Nevertheless, the access is supervised and controlled by a “qualified person” who receives all the demands from the agents to validate, or not, the requests. It must be specified exactly who is the suspect and what data is targeted. Without this authorization, the intelligence agencies cannot access the data.
The warrantless geolocation in real time
As previously stated, the new law allows geolocating suspects in real time. This particular data is more intrusive than the location retained by the providers. In fact, the access to data is always done after the action, which means the intelligence agents can just know where the suspect was and not where it is currently located or where it is going. The geolocation is supposed to be able to follow the suspect in real time, in all its movements. Consequently, geolocation is not regular data and must be considered as an interception of communication.
The same Commission that controls the interceptions also controls the geolocation processing. Therefore, the agent needs authorization from the Prime Minister to geolocate a suspect in real time for thirty days.
The controversy regarding the warrantless data access framework
The main controversy came from the way the article was written.

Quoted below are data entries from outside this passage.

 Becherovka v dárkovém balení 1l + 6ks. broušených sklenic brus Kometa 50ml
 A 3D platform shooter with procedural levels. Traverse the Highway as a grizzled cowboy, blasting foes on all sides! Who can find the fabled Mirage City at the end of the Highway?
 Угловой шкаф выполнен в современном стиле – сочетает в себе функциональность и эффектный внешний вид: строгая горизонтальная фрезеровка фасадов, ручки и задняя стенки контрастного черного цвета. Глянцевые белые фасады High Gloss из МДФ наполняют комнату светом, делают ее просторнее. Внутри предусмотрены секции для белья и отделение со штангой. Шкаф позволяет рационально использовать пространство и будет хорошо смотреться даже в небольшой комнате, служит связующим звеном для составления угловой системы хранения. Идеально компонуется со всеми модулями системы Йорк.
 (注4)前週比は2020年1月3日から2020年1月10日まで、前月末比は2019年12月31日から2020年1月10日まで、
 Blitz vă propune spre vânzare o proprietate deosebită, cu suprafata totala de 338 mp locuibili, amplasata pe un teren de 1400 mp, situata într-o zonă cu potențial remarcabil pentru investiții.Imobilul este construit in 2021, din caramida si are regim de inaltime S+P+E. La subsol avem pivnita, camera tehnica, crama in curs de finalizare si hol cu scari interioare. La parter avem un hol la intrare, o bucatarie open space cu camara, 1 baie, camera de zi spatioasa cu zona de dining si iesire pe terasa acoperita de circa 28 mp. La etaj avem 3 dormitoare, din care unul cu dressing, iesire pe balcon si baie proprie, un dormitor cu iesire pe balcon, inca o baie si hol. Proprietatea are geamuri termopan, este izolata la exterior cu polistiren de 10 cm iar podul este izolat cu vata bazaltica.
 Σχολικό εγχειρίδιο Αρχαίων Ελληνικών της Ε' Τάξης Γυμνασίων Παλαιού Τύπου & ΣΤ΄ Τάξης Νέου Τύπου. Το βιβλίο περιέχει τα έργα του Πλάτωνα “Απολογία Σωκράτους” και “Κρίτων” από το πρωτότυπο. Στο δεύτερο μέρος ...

First, the modification of the data access framework says the intelligence agencies may have access to “information, documents, including data” retained by providers. This is the first time the data retention framework uses the terminologies “information” and “documents”. Consequently, commenters understood that the specific data collection legislation for intelligence agencies was extended to the collection of all documents, which was, so far, regulated by the interception law
In fact, the interception law mentions only one time access to “information and documents” to help process the tapping. Anyway, it does not allow collecting all the documents they want. However, I agree that the new law is not clear and an extended interpretation would permit the intelligence services to collect much more information and documents than they were allowed to do before.
Secondly, commenters talked about direct access to the databases for warrantless snooping and collecting everything the agencies want. They clearly misread the law. In fact, it is written that the providers transmit the required data to the intelligence services, not that the intelligence agents pick the data up directly from the providers’ databases. Moreover, this sentence is located not in the data access article, but in the article regarding geolocation in real time.

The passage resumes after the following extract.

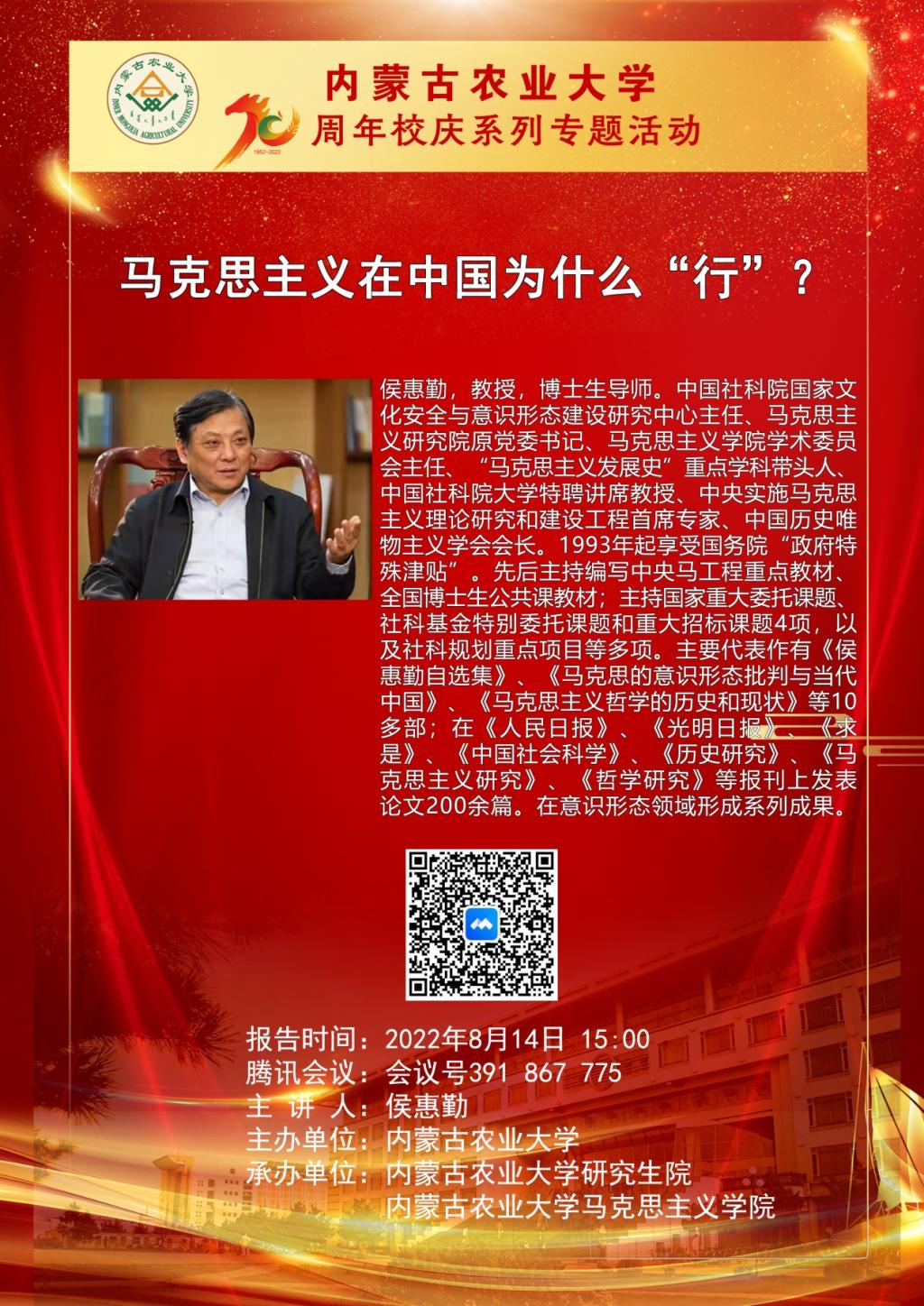 2022年8月14日,3044永利集团邀请中国社会科公司国家文化安全与意识形态建设研究中心主任,马克思主义研究院原党委书记,中央实施马克思主义理论研究和建设工程首席专家,中国历史唯物主义学会会长侯惠勤先生为公司师生做70周年校庆系列专题讲座“马克思主义在中国为什么‘行’”。本次讲座在云端举行,来自3044永利集团、复旦大学、武汉大学、厦门大学、北京科技大学、内蒙古大学等979名师生参与了此次讲座。讲座由3044永利经理高丽萍主持。

So, I am convinced that this new law does not create full access to all the data, information and documents retained by providers, permitting free snooping and tapping, as the Snowden leaks revealed about the NSA processes.
Is this data access unconstitutional?
The French parliamentarians have not referred to the Conseil constitutionnel (the French constitutional court) to review the constitutionality of this legislation. Anyway, this law deals mostly with the data access for intelligence agencies, a topic that was already validated by the Council. Concerning geolocation, the European Court of Human Rights (Uzun v. Germany, 2010) gave the conditions processing a suspect’s geolocation in real time. It seems that the new law creates the conditions pronounced by the Court.
Still, the debate about the intelligence agencies’ access should not be at a legal level since all these laws were already validated by the Constitutional Council, but at a political level. French people have to think about what they want for their intelligence agencies, which is acting under government supervision. However, this new legislation is neither a French Prism system that allows French officials to monitor Internet, nor a citizens spying system as some foreign press have said. It expands the power of the intelligence agencies on spying on suspects. Now, the question is: how do the intelligence agencies select their suspects and who is suspected: him, you, me? Maybe… who knows?